Reported and unreported comparisons for Test 3 and Test 4. Dots indicate the mean allocations to applicants with the given characteristics. Solid lines indicate comparisons reported in DeSante (2013a), and the dashed line indicates a relevant comparison not reported in DeSante (2013a). WQA: Worker Quality Assessment.

DeSante (2013a) tests 5, 6, and 7 form a group. Test 5 compared Emily in [2/4] with Emily in [2/6] to assess how much an excellent Worker Quality Assessment increased Emily’s allocation relative to Laurie (US$123, p=0.001); test 6 compared Keisha in [2/7] with Keisha in [2/9] to assess how much an excellent Worker Quality Assessment increased Keisha’s allocation relative to Laurie (US$7, p=0.85); and test 7 assessed the difference in these differences (US$116, p=0.03). But the same assessment could have been conducted as follows: compare Laurie in [1/7] with Laurie in [1/8] to assess how much an excellent Worker Quality Assessment increased Laurie’s allocation relative to Keisha (US$64, p=0.09); compare Latoya in [1/10] with Latoya in [1/11] to assess how much an excellent Worker Quality Assessment increased Latoya’s allocation relative to Keisha (US$81, p=0.03); and assess the difference in these differences: US$16, favoring the Black applicant (p=0.76). Figure 3 displays this pattern of comparison.

Figure 3.

Solid lines indicate comparisons reported in DeSante (2013a), and dashed lines indicate equivalent comparisons not reported in DeSante (2013a). The comparison applicant was Laurie for the left side of the figure and Keisha for the right side of the figure. WQA: Worker Quality Assessment.

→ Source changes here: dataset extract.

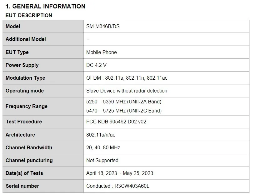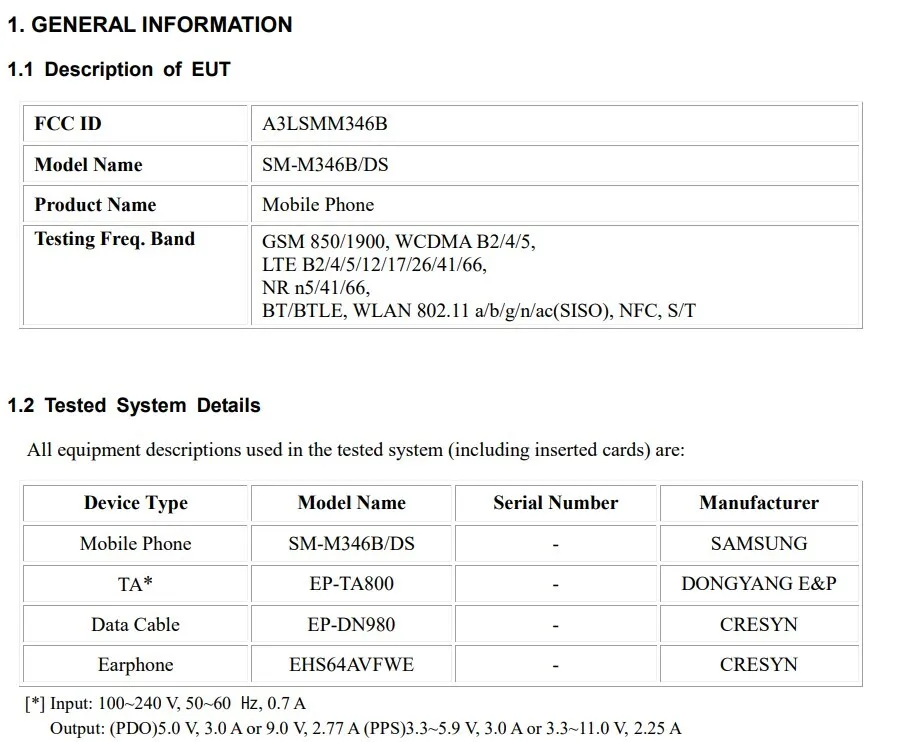 Based on information from the FCC certification, the Galaxy F34 5G has been assigned the model number SM-M346B/DS. The certification confirms that the device will feature 5G connectivity, as well as support for Bluetooth and Wi-Fi 802.11 b/g/n/ac. Additionally, the certification reveals that the Galaxy M34 5G will come bundled with an EP-TA800 charger, indicating 25W fast charging support. Unfortunately, the certification does not reveal any further details about the device, so let’s take a look at what’s known so far.

DeSante (2013a) tests 8, 9, and 10 also form a group. Test 8 compared Emily in [2/4] with Emily in [2/5] to assess how much a poor Worker Quality Assessment decreased Emily’s allocation relative to Laurie (US$21, p=0.55); test 9 compared Keisha in [2/7] with Keisha in [2/8] to assess how much a poor Worker Quality Assessment decreased Keisha’s allocation relative to Laurie (US$113, p=0.007); and test 10 assessed the difference in these differences (US$92, p=0.09). But the same assessment could have been conducted as follows: compare Laurie in [1/7] with Laurie in [1/9] to assess how much a poor Worker Quality Assessment decreased Laurie’s allocation relative to Keisha (US$56, p=0.13); compare Latoya in [1/10] with Latoya in [1/12] to assess how much a poor Worker Quality Assessment decreased Latoya’s allocation relative to Keisha (US$112, p=0.007); and assess the difference in these differences: US$56, favoring the White applicant (p=0.31). Figure 3 displays this pattern of comparison.

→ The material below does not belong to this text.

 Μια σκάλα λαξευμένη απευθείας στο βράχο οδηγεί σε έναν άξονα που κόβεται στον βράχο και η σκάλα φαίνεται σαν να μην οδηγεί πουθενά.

Reducing inferential selection bias

These results illustrate inferential selection bias: inferences drawn from reported comparisons differ from inferences drawn from a different set of equivalent or relevant unreported comparisons. Inferential selection bias is possible because of ‘researcher degrees of freedom,’ a situation in which a hypothesis can be tested multiple ways (Simmons et al., 2011: 1359). In such cases, it is preferable to ‘analyze all relevant comparisons’ (Gelman and Loken, 2013: 14). Pre-registration of research designs has been proposed as a solution to researcher degrees of freedom (Monogan, 2013), and preregistering all relevant comparisons in DeSante (2013a) could have caused concern that some planned comparisons produce statistically significant differences by chance. For experiments in which a hypothesis can be tested multiple ways, results can be combined in a meta-analysis. Table 2 presents such combined results for key tests in DeSante (2013a): point estimates for tests 1, 2, 7, and 10 were lowered.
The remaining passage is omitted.